**The task:** The reply must contain exactly the lines below from the one with "Portaconto in acciaio" down to the one with "QCAD ajoute la", both included, and nothing more; please omit the pictures.

[Opening Record set section]

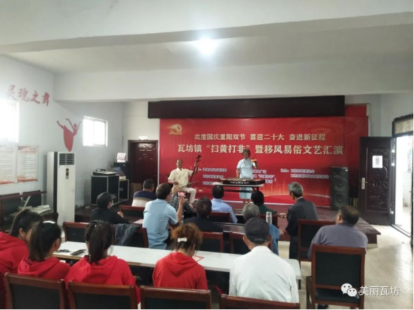 喜迎二十大,奋进新征程。9月30日,为了欢度国庆节和重阳节,瓦坊镇“扫黑除恶”暨移风易俗文艺汇演拉开了序幕,引来了百余名群众观看,部分县镇人大代表、政协委员也参与其中。演出中琴书、大鼓、表演唱等十几个节目轮番上阵,尤其《疫情防控政策好》《劝人敬老》《夸夸新农村》《扫黄打非好处多》等节目更是对当前开展的“扫黄打非”及移风易俗工作起到了非常积极有效地宣传推进作用。
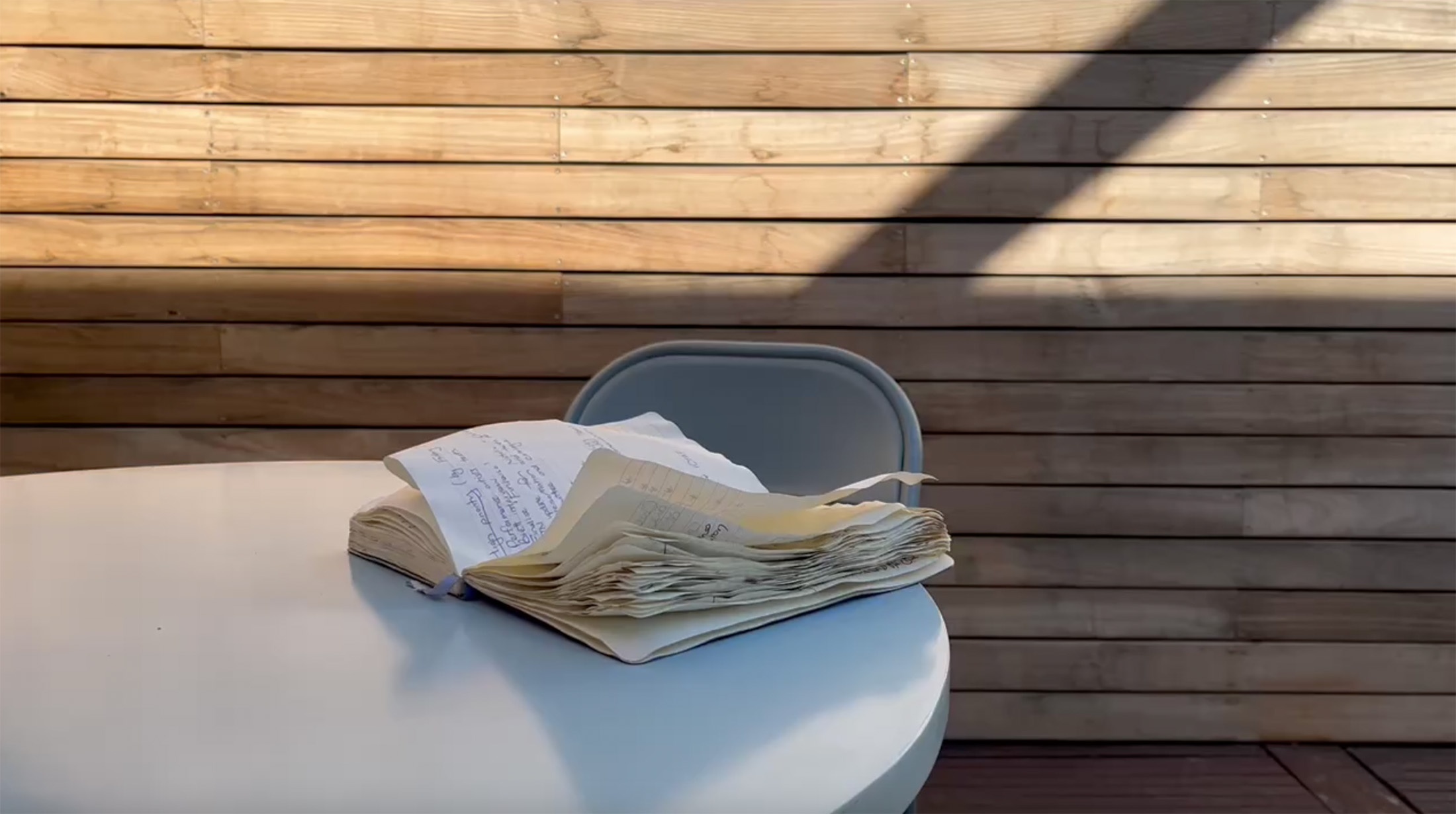 Following a leaky water bottle incident, a bag and notebook are left out to dry upstairs at A4.
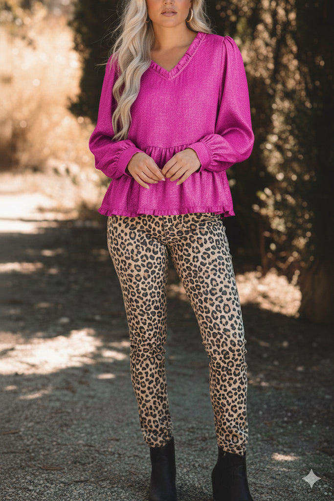 Metallic Frilled V Neck Puff Sleeve Babydoll Blouse
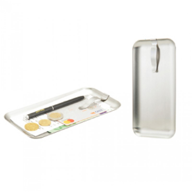 Portaconto in acciaio spazzolato con linguetta ferma soldi e scontrino. Dimensioni: 28,5x9cm.
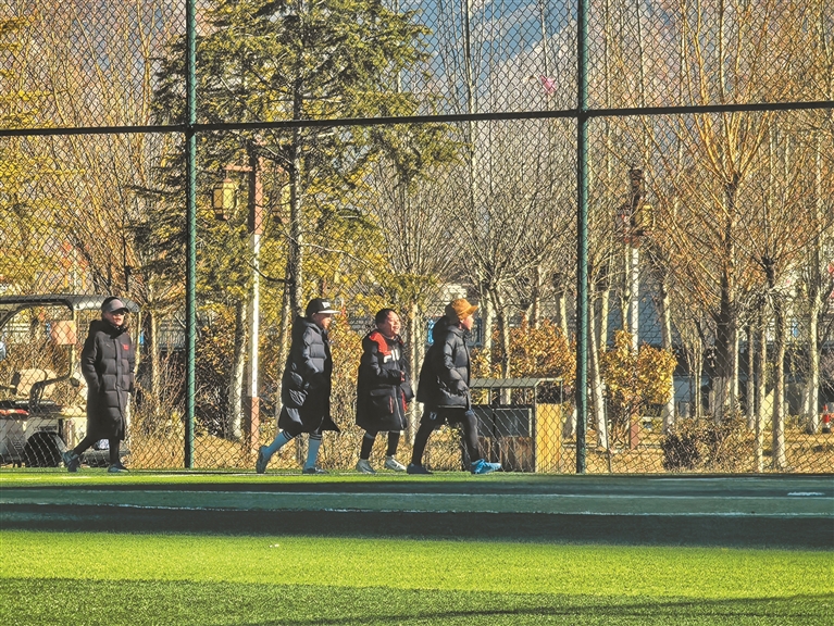 “我很喜歡踢足球!寒假里每天都來(lái)練球,跑起來(lái)就不冷了?!比蕬c抹了把額頭的薄汗,眼睛亮得像高原的太陽(yáng)。教練站在場(chǎng)邊,手里拿著戰(zhàn)術(shù)板,不時(shí)喊著指令:“注意跑位,傳球要快!”他的聲音在空曠的公園里回蕩,打破了冬日的寂靜。幾名隊(duì)員追逐著足球,球鞋與草皮摩擦的聲響、高亢的呼喊聲,讓這片足球場(chǎng)成了體育公園最熱鬧的地方。
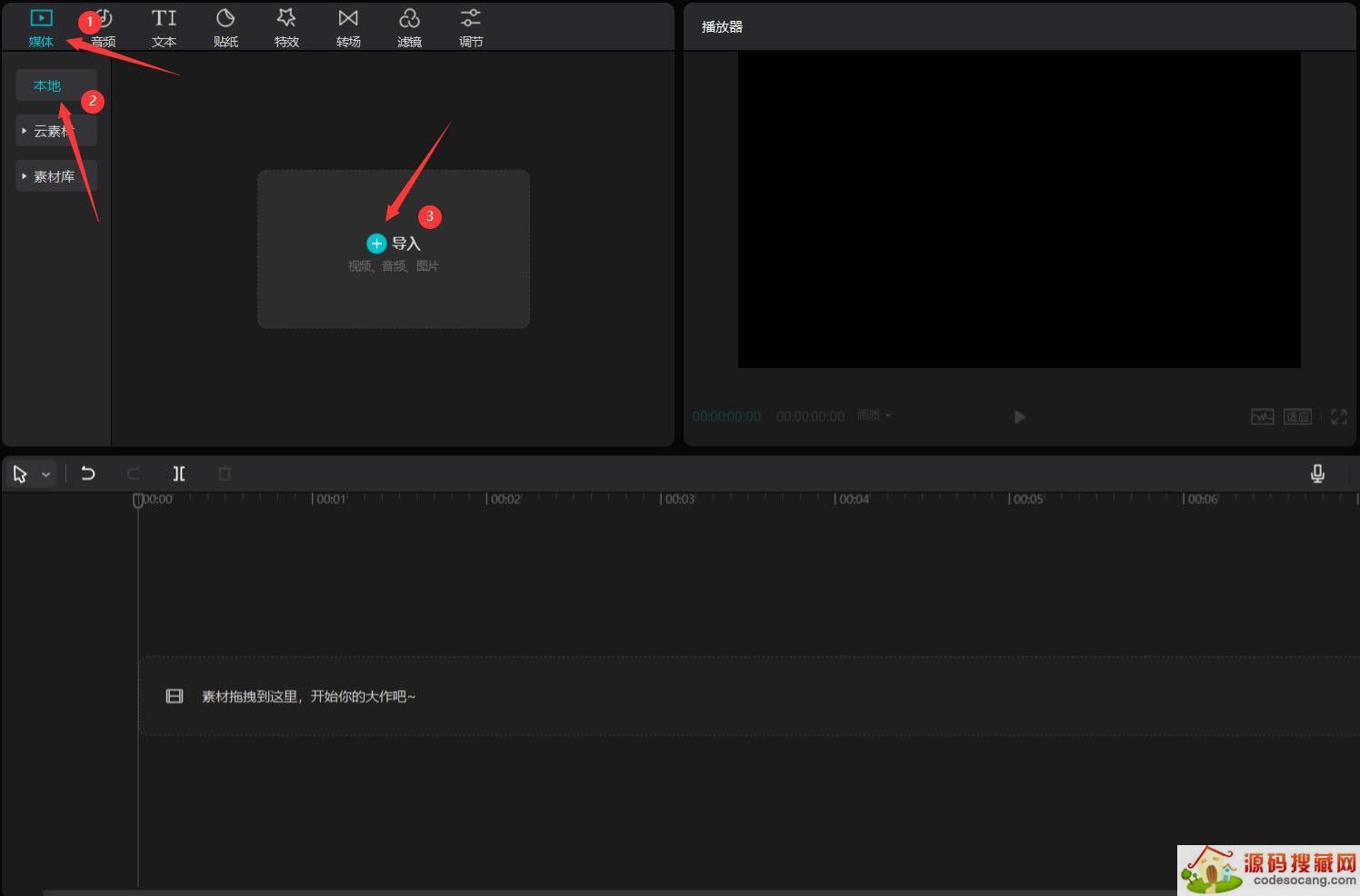 回到草稿,删除所有素材,点击媒体按钮,然后点击本地按钮,再点击导入按钮,导入刚才导出的视频,见下图。
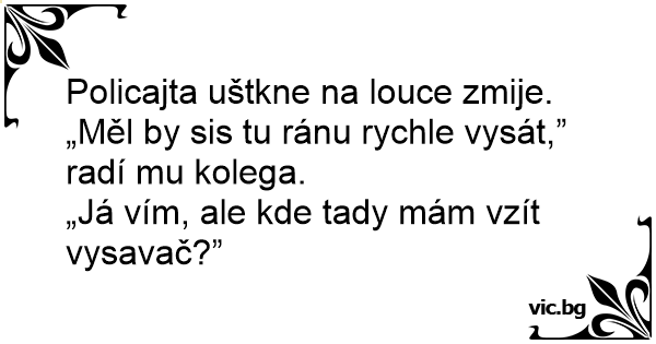 „Měl by sis tu ránu rychle vysát,” radí mu kolega.
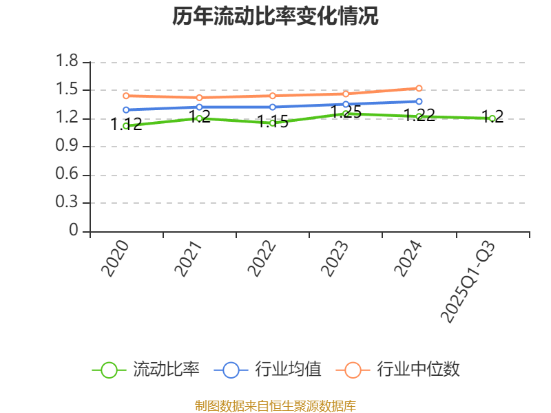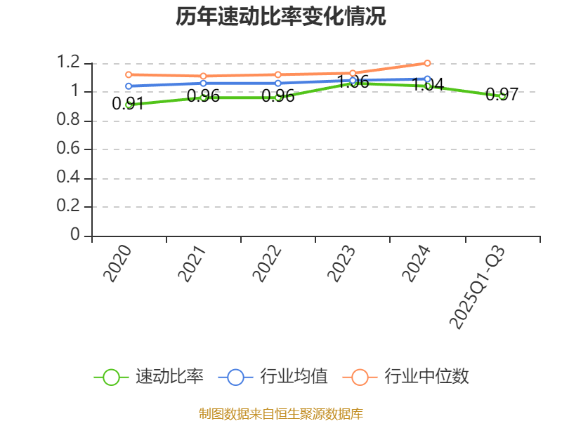 2025年前三季度,公司流动比率为1.2,速动比率为0.97。
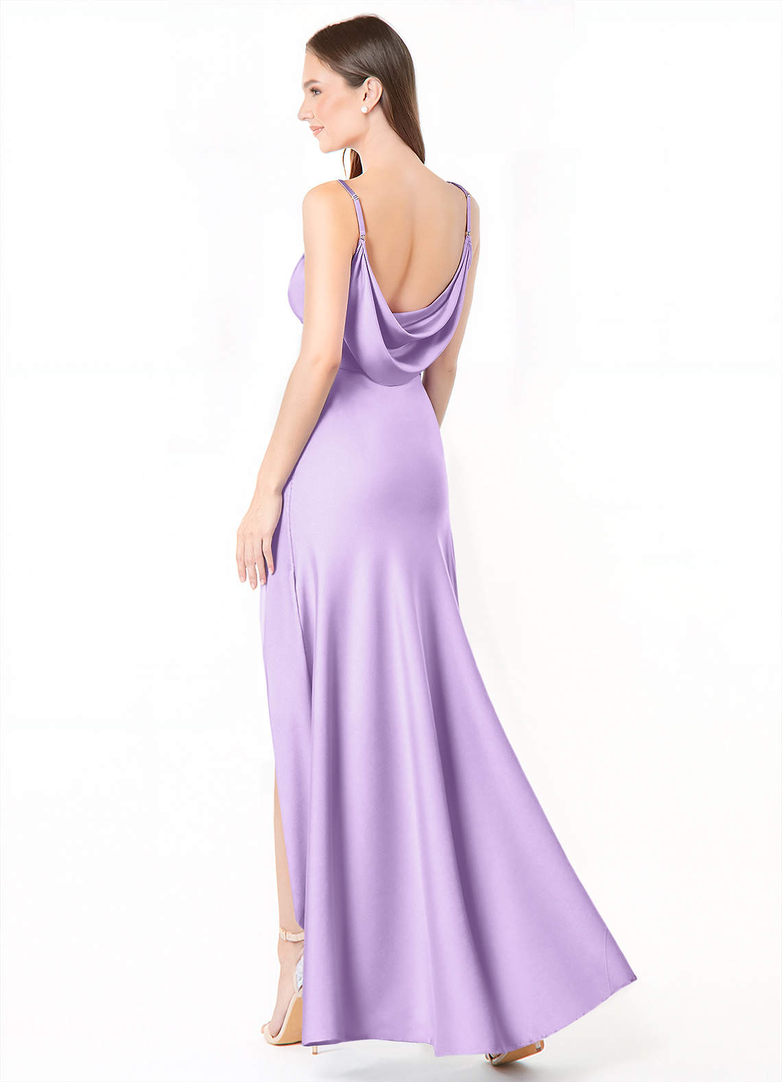 Azazie Alaija Bridesmaid Dresses Lilac Mermaid Side Slit Stretch Satin Dress image1
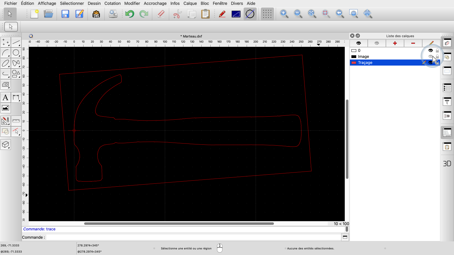 QCAD ajoute la trace de l'image à notre dessin sous forme de polylignes sur notre calque actuel.
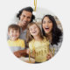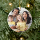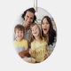 Crie um ornamento de férias de manutenção da família com 2 fotos com um título de tipografia de script manuscrito FAMILY em uma cor de ouro editável personalizada com um nome de família e um ano. Comece ou mantenha uma tradição de ornamento familiar ou dê presentes à família e aos amigos. Faz um presente excelente para compartilhar com a família e os amigos. ALTERAÇÕES: Você pode alterar a cor da camada de fontes para facilitar a leitura da imagem clicando na guia PERSONALIZAR MAIS. Para obter modificações ou assistência, entre em contato com o designer ANTES DE PEDIR por meio do Zazzle Chat ou makeitaboutyoustore@gmail.com.
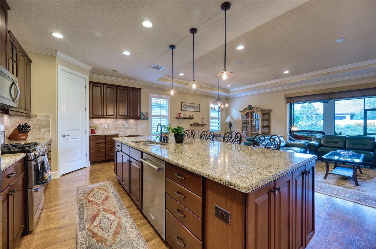 Discover effortless luxury in this beautifully maintained Piceno model located in the sought-after, resort-style community of Esplanade at Lakewood Ranch. This exceptional 2-bedroom, 2-bath home also features a versatile den—perfect as a third bedroom, home office, or flex space to fit your lifestyle. Step inside to an open-concept living area designed for both comfort and style. The gourmet kitchen impresses with solid wood cabinetry, granite countertops, stainless steel appliances, a walk-in pantry, and a built-in desk—ideal for staying organized. Tray ceilings with crown molding, luxury vinyl flooring, and plantation shutters elevate the home’s sophisticated appeal. The spacious primary suite is a private sanctuary, complete with a bay window sitting area, dual walk-in closets, and a spa-inspired bathroom featuring split vanities, a walk-in shower, and a private water closet. A well-appointed laundry room with extra storage and counter space adds convenience. Enjoy Florida living at its finest on the screened lanai, perfect for relaxing or entertaining, with your own outdoor kitchen ready for grilling. Additional upgrades include seamless gutters, an epoxy-coated garage floor, and a paver driveway for stunning curb appeal. Living in Esplanade means every day feels like a vacation. This premier 18-hole golf community offers world-class amenities: two clubhouses, resort-style pools, a resistance pool, tennis and pickleball courts, a state-of-the-art fitness center, and onsite dining at the Barrel House Bistro Bar and the poolside Bahama Bar. Pamper yourself at the Koquina Salon, offering everything from hair services to massages and facials. Located in Lakewood Ranch—the nation’s #1 multi-generational master-planned community—this home offers an unmatched blend of luxury, convenience, and lifestyle. Enjoy low-maintenance living surrounded by lush landscaping and just minutes from top-tier shopping, dining, and entertainment in Lakewood Ranch and Sarasota. Don’t miss your chance to experience resort-style living in one of Florida’s most vibrant communities.

[Closing Record set section]

**Written solution:**
 Portaconto in acciaio spazzolato con linguetta ferma soldi e scontrino. Dimensioni: 28,5x9cm.
 “我很喜歡踢足球!寒假里每天都來(lái)練球,跑起來(lái)就不冷了?!比蕬c抹了把額頭的薄汗,眼睛亮得像高原的太陽(yáng)。教練站在場(chǎng)邊,手里拿著戰(zhàn)術(shù)板,不時(shí)喊著指令:“注意跑位,傳球要快!”他的聲音在空曠的公園里回蕩,打破了冬日的寂靜。幾名隊(duì)員追逐著足球,球鞋與草皮摩擦的聲響、高亢的呼喊聲,讓這片足球場(chǎng)成了體育公園最熱鬧的地方。
 回到草稿,删除所有素材,点击媒体按钮,然后点击本地按钮,再点击导入按钮,导入刚才导出的视频,见下图。
 „Měl by sis tu ránu rychle vysát,” radí mu kolega.
 2025年前三季度,公司流动比率为1.2,速动比率为0.97。
 Azazie Alaija Bridesmaid Dresses Lilac Mermaid Side Slit Stretch Satin Dress image1
 QCAD ajoute la trace de l'image à notre dessin sous forme de polylignes sur notre calque actuel.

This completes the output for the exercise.